::: MATERIAL FOR THE TASK

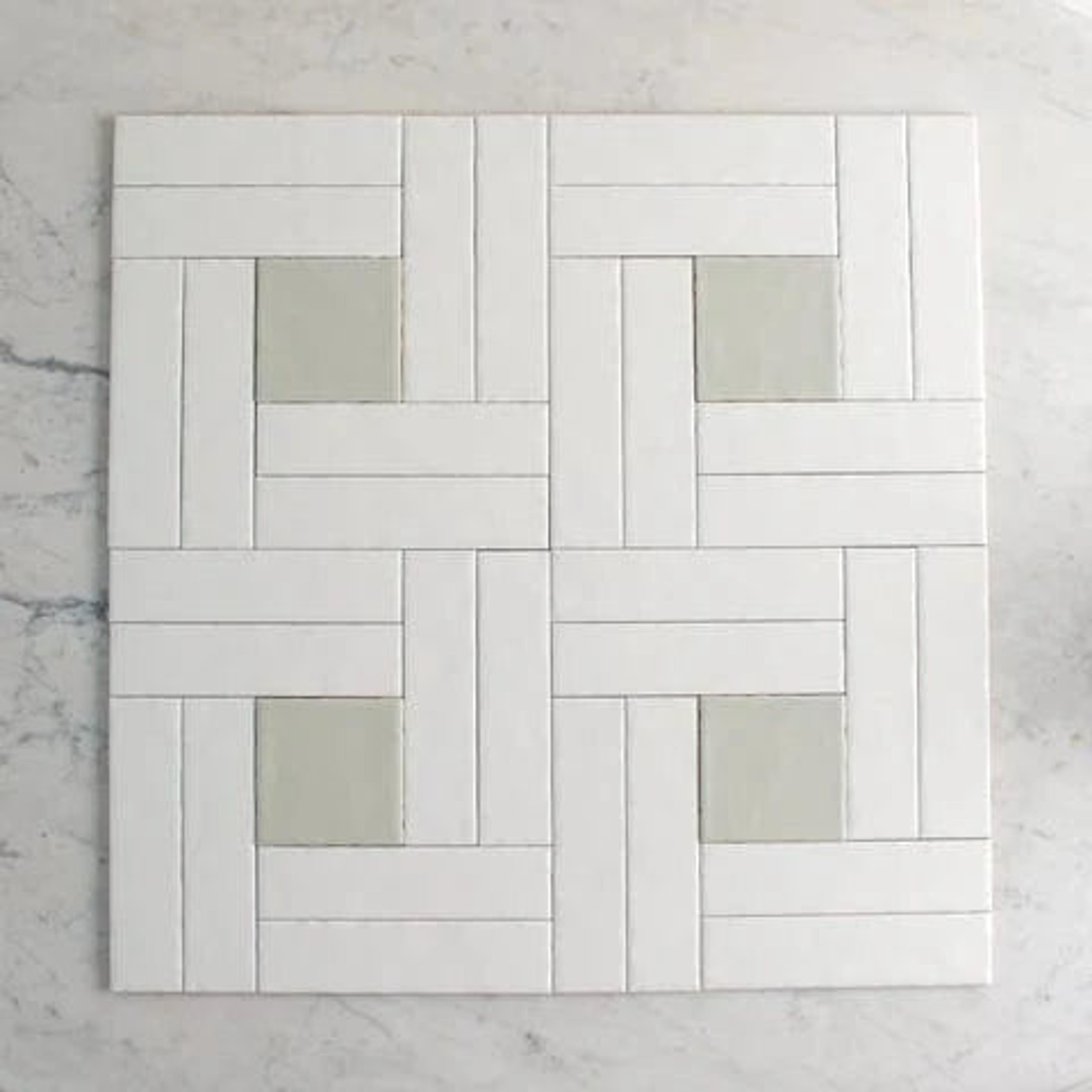 Pinwheel pattern tiles are similar to windmills. In each larger square, four rectangles surround a different-coloured small central square. Usually, the centre will have a darker colour than the outside rectangles. These look best on floors in hallways, bathrooms and kitchens.
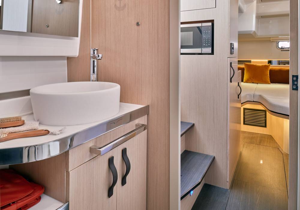 Designed for entertaining, the open-air galley connects seamlessly with the cockpit, featuring premium appliances and ample prep space so meals and refreshments are always within reach.
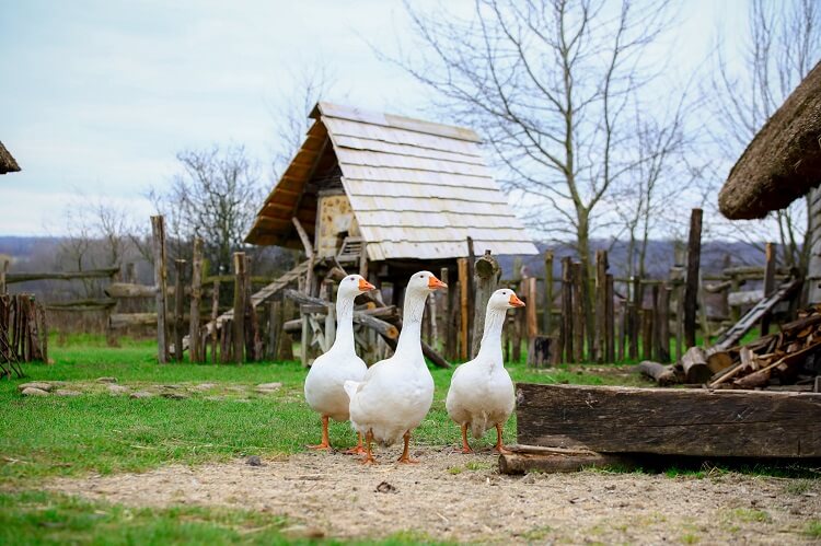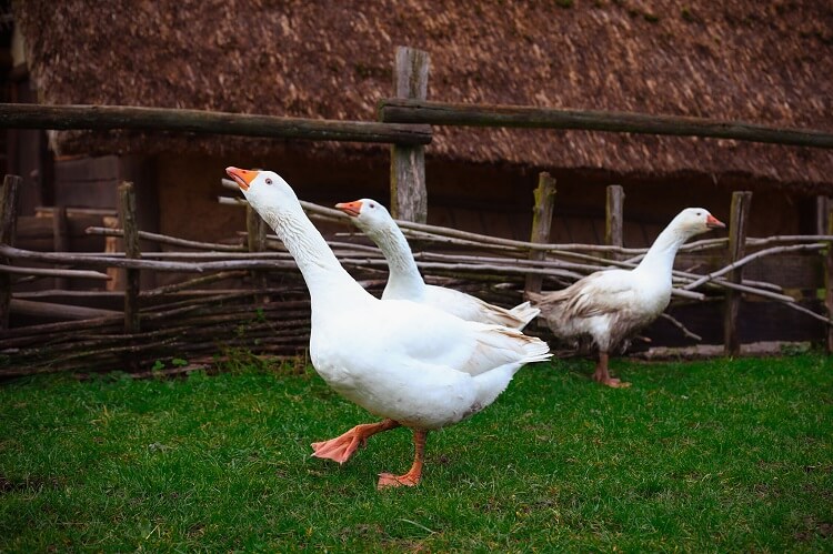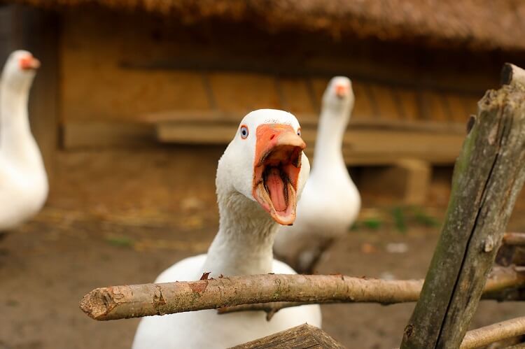 L’oie d’Emden :Les oies sont les précieuses alliées des femmes et des hommes. Depuis très longtemps, elles sont présentes dans nos basses-cours, où elles se promènent fièrement, accompagnant le jars, ce mâle insolent qui toise ses congénères. Le bavardage d’une oie est très bruyant. Soit elle cacarde, soit elle siffle, soit elle criaille, mais elle est toujours assourdissante.
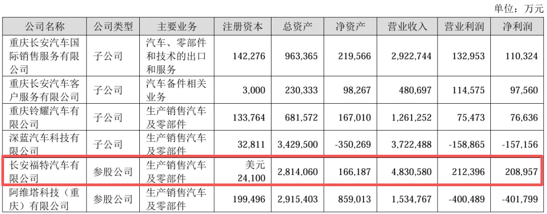 持续不振的销量,直接导致福特旗下两大合资企业长期面临业绩压力。长安汽车财务数据显示,长安福特曾在2022年录得24.49亿元的净亏损,2024年虽然扭亏为盈并实现净利润20.90亿元,但收入却下滑至48.31亿元。
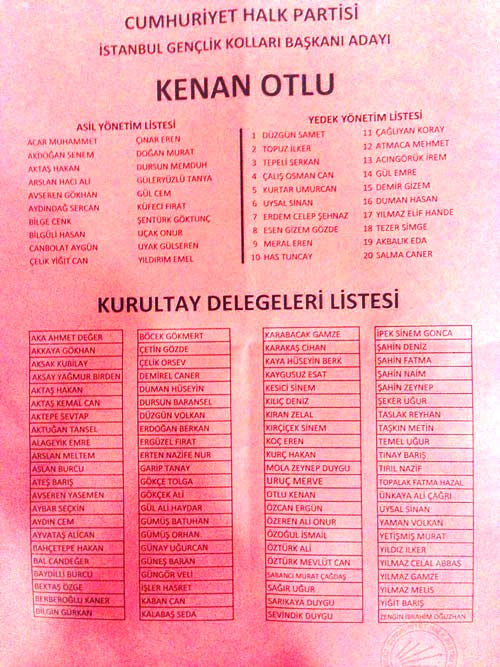 Seçim blok listeyle yapılırken Kongre Divan Başkanı Efkan Bolaç oldu. Kongreyi 140 oy alan Ozan Işık karşısında 154 oy alan Kenan Otlu kazandı. Buna göre CHP İstanbul İl Gençlik Kolları’nın yeni başkanı Kenan Otlu oldu.

::::::

EXERCISE DESCRIPTION ::
Repeat the preceding records exactly but drop the images.

TASK SOLUTION ::
 Pinwheel pattern tiles are similar to windmills. In each larger square, four rectangles surround a different-coloured small central square. Usually, the centre will have a darker colour than the outside rectangles. These look best on floors in hallways, bathrooms and kitchens.
 Designed for entertaining, the open-air galley connects seamlessly with the cockpit, featuring premium appliances and ample prep space so meals and refreshments are always within reach.
 L’oie d’Emden :Les oies sont les précieuses alliées des femmes et des hommes. Depuis très longtemps, elles sont présentes dans nos basses-cours, où elles se promènent fièrement, accompagnant le jars, ce mâle insolent qui toise ses congénères. Le bavardage d’une oie est très bruyant. Soit elle cacarde, soit elle siffle, soit elle criaille, mais elle est toujours assourdissante.
 持续不振的销量,直接导致福特旗下两大合资企业长期面临业绩压力。长安汽车财务数据显示,长安福特曾在2022年录得24.49亿元的净亏损,2024年虽然扭亏为盈并实现净利润20.90亿元,但收入却下滑至48.31亿元。
 Seçim blok listeyle yapılırken Kongre Divan Başkanı Efkan Bolaç oldu. Kongreyi 140 oy alan Ozan Işık karşısında 154 oy alan Kenan Otlu kazandı. Buna göre CHP İstanbul İl Gençlik Kolları’nın yeni başkanı Kenan Otlu oldu.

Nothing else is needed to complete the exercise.